Category:Content of Polynomial

This category contains results about Content of Polynomial.
Definitions specific to this category can be found in Definitions/Content of Polynomial.

Integer Polynomial

Let $f \in \Z \sqbrk X$ be a polynomial with integer coefficients.

Then the content of $f$, denoted $\cont f$, is the greatest common divisor of the coefficients of $f$.

Rational Polynomial

Let $f \in \Q \sqbrk X$ be a polynomial with rational coefficients.

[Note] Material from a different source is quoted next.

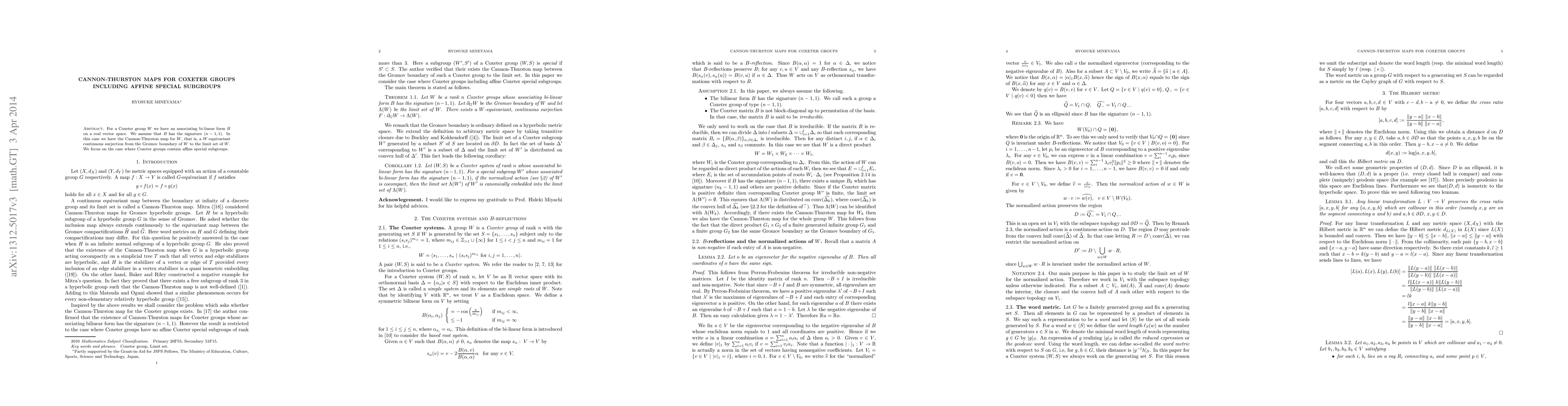 This paper explores the Cannon-Thurston map for Coxeter groups with a bilinear form of signature $(n-1,1)$, specifically focusing on Coxeter groups that include affine special subgroups, providing a $W$-equivariant continuous surjection from the Gromov boundary to the limit set.

The content of $f$ is defined as:

$\cont f := \dfrac {\cont {n f} } n$

where $n \in \N$ is such that $n f \in \Z \sqbrk X$.

Polynomial in GCD Domain

Let $D$ be a GCD domain.

Let $K$ be the field of quotients of $D$.

Let $f \in K \sqbrk X$ be a polynomial.

Let $a \in D$ be such that $a f \in D \sqbrk X$.

Let $d$ be the greatest common divisor of the coefficients of $a f$.

Then we define the content of $f$ to be:

$\cont f := \dfrac d a$

Commutative Ring with Unity

Let $R$ be a commutative ring with unity.

Let $f \in R \sqbrk X$ be a polynomial.

The content of $f$ is the ideal generated by its coefficients.